The CAP theorem states that a distributed system can at most provide two of the following three guarantees simultaneously:

Consistency (C) : All nodes see the same latest data. Writes go to a leader and are replicated to followers; reads return the most recent version.

Availability (A) : Every non‑failed node can serve requests, ensuring the system remains responsive even if some data is stale.

Partition tolerance (P) : The system continues operating despite network partitions that cause nodes to lose communication.

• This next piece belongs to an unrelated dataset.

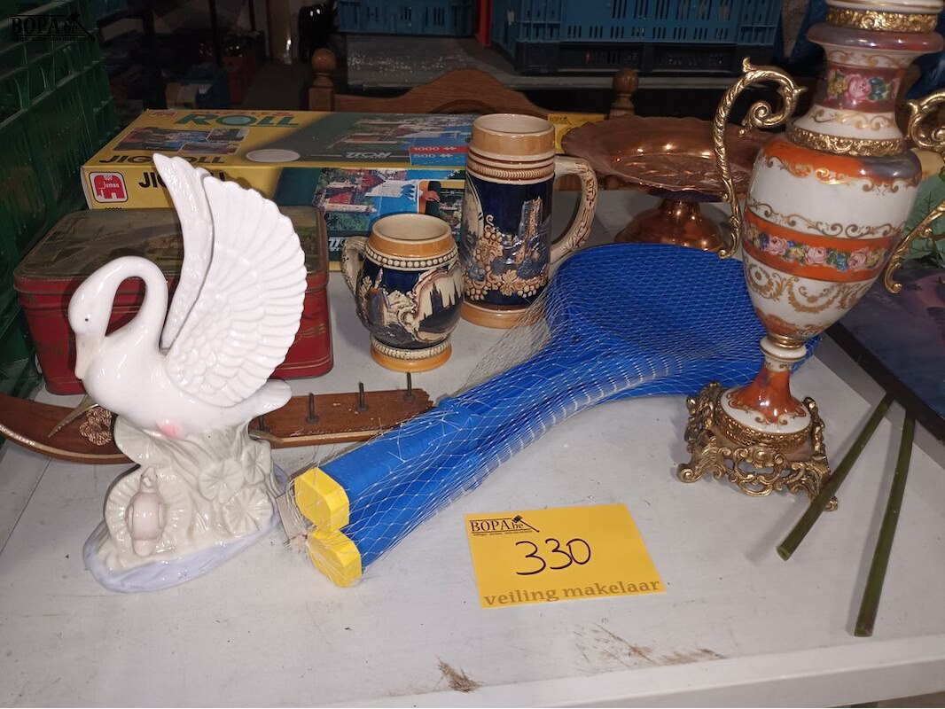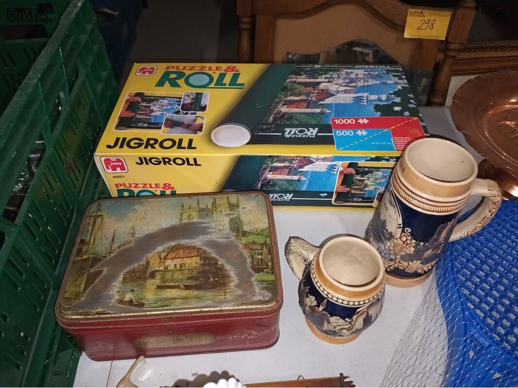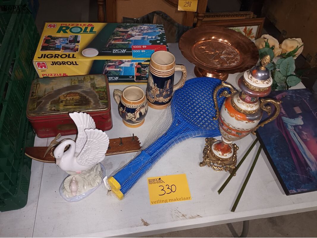 Diversen. 15 stuks. Decoratie, puzzelmat, rackets, blikken doos, bierpotten, etc. Bak niet inbegrepen.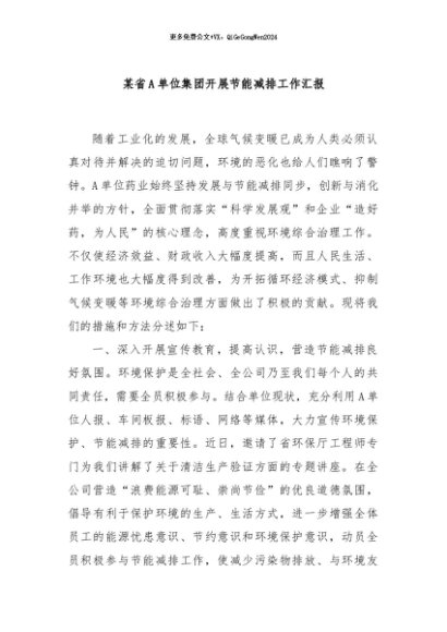 / 【七哥公文】2024年:某省A 单位集团开展节能减排工作汇报+更多免费公文+VX:QiGeGongWen2024

Because network delays are inevitable, partition tolerance must be satisfied, forcing a trade‑off between consistency and availability. In practice, CP systems (e.g., financial services) prioritize strong consistency, while AP systems (e.g., news‑feed counters) favor availability.

BASE Model

To relax the strictness of CAP, the BASE model was proposed (originating from eBay) and consists of:

Basically Available (BA) : The system remains operational even when some components degrade, providing degraded performance rather than total failure.

Soft state (S) : System state may change over time without input, allowing temporary inconsistencies such as replication lag.

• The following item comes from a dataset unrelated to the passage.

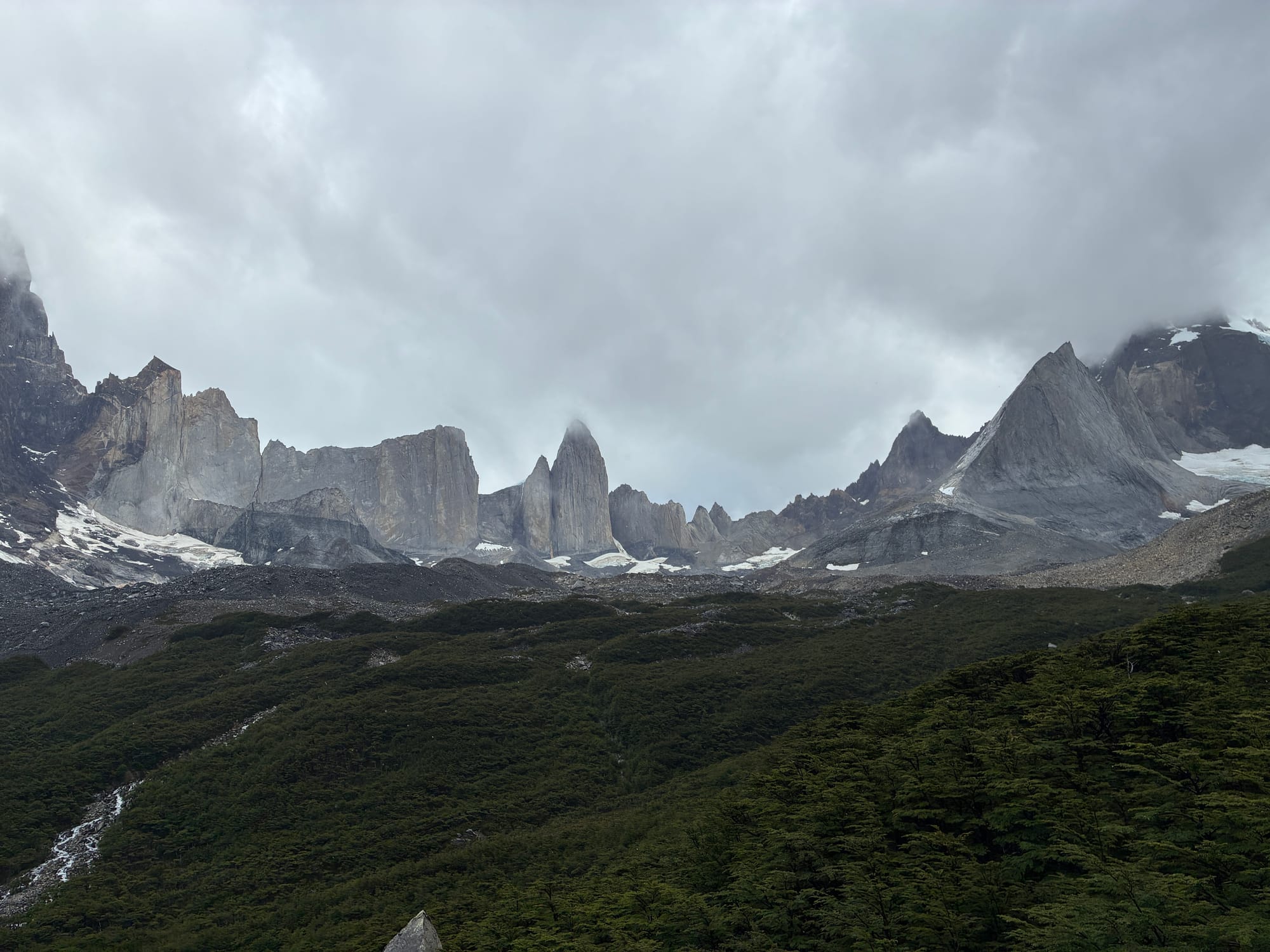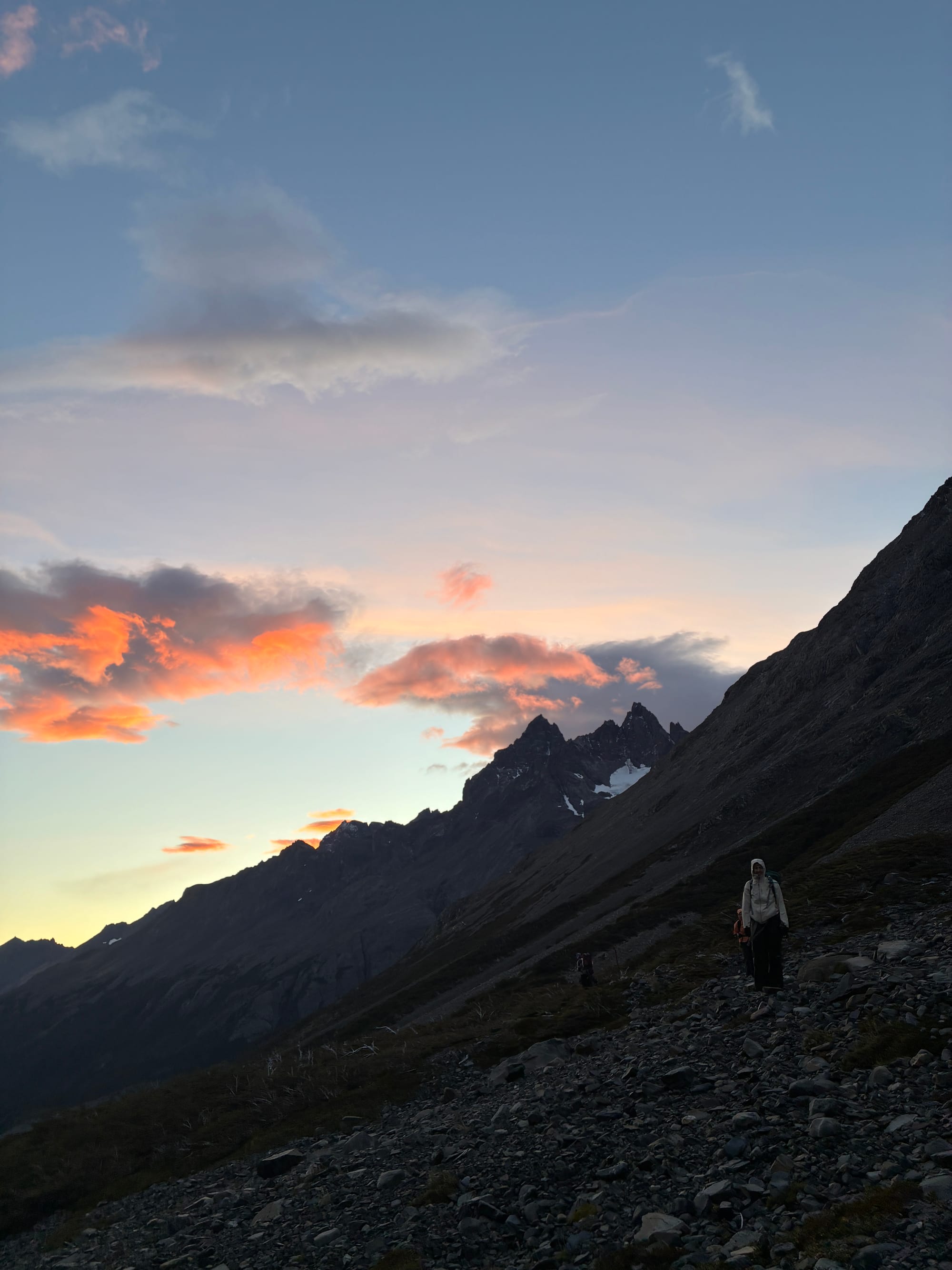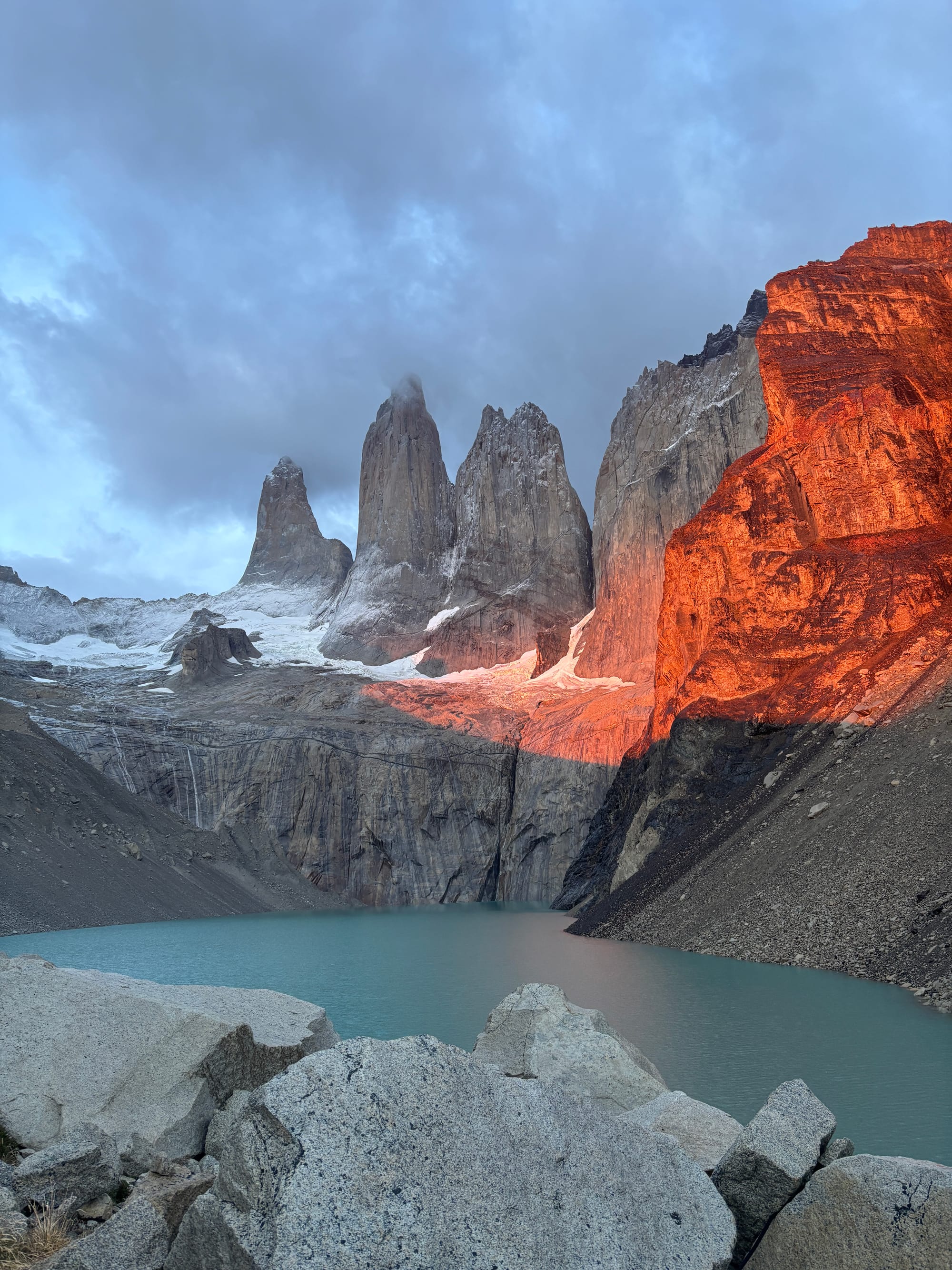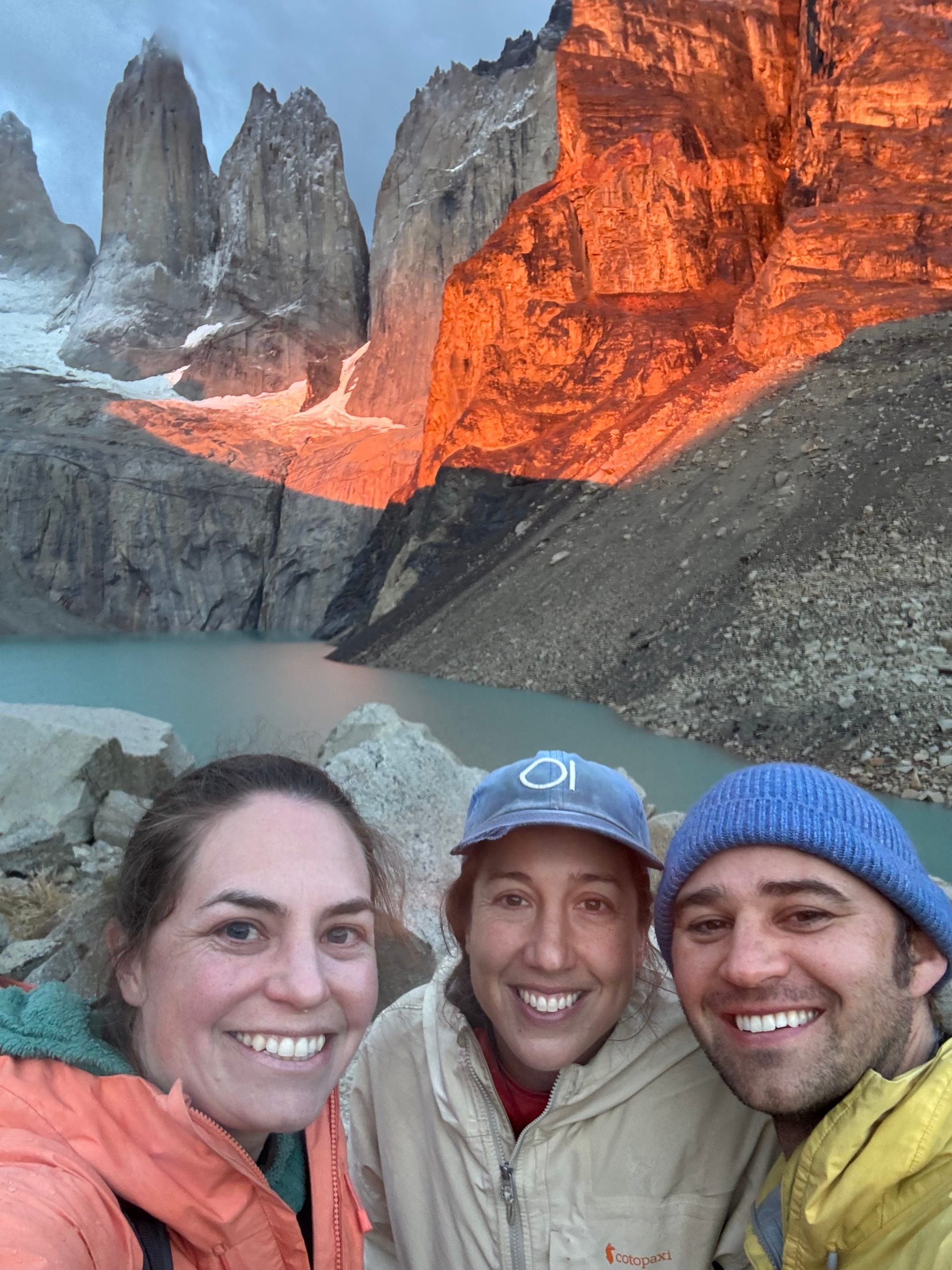 We were up at 4:30 and had camp broken down by 5:00 am. We were shocked to find Alyssa already drinking coffee at a picnic table! She walked with a fellow American O-trekker and felt better about not being Puma bait with his company. We put in about 2.5 headlamp miles in the rain (again, they feel like nothing) and the terrain turned alpine, steep, and exposed with about 3/4 of a mile to the top. When we got to the top at Lago Torres, the Towers were socked in with fog and a cold sleet and wind was hammering us. We had about 15 minutes to sunrise so Alyssa climbed into a cave and we huddled against a huge boulder waiting. Sunrise was officially at 7:14, at 7:05 Em said, “I think we should call it,” but gently accepted a compromise of at least waiting until sunrise. And a small miracle happened then, for the clouds and fog lifted, the rain stopped, patches of blue sky appeared, and Las Torres was illuminated in a bright orange glow. It was shocking and very unexpected. The weather held for about a half hour before the wind and rain started again so that was our cue to begin the long and final march down to the base, but spirits were high with a great mirador and we finished the entire hike at the visitor center, closing the 75-mile loop. It was really fun to watch the trickle of fellow O-trekkers cross the finish line and we had a group lunch with maybe 20 of us sharing burgers and beers at the visitor center.

Eventual consistency (E) : After a period of instability, all replicas converge to the same state.

BASE is suitable for scenarios where temporary inconsistency is acceptable as long as the system eventually becomes consistent.

Consistent Hashing

Traditional modulo hashing (e.g., hash(key) % num) causes massive cache invalidation when a new node is added, because most keys remap to different servers. Consistent hashing solves this by mapping both keys and servers onto a logical ring.

Hash each server node onto the ring.

Hash each key onto the same ring and walk clockwise to the first server encountered; that server stores the key.

When a new server joins, only the keys that fall between the predecessor and the new node need to be moved, dramatically reducing cache miss impact.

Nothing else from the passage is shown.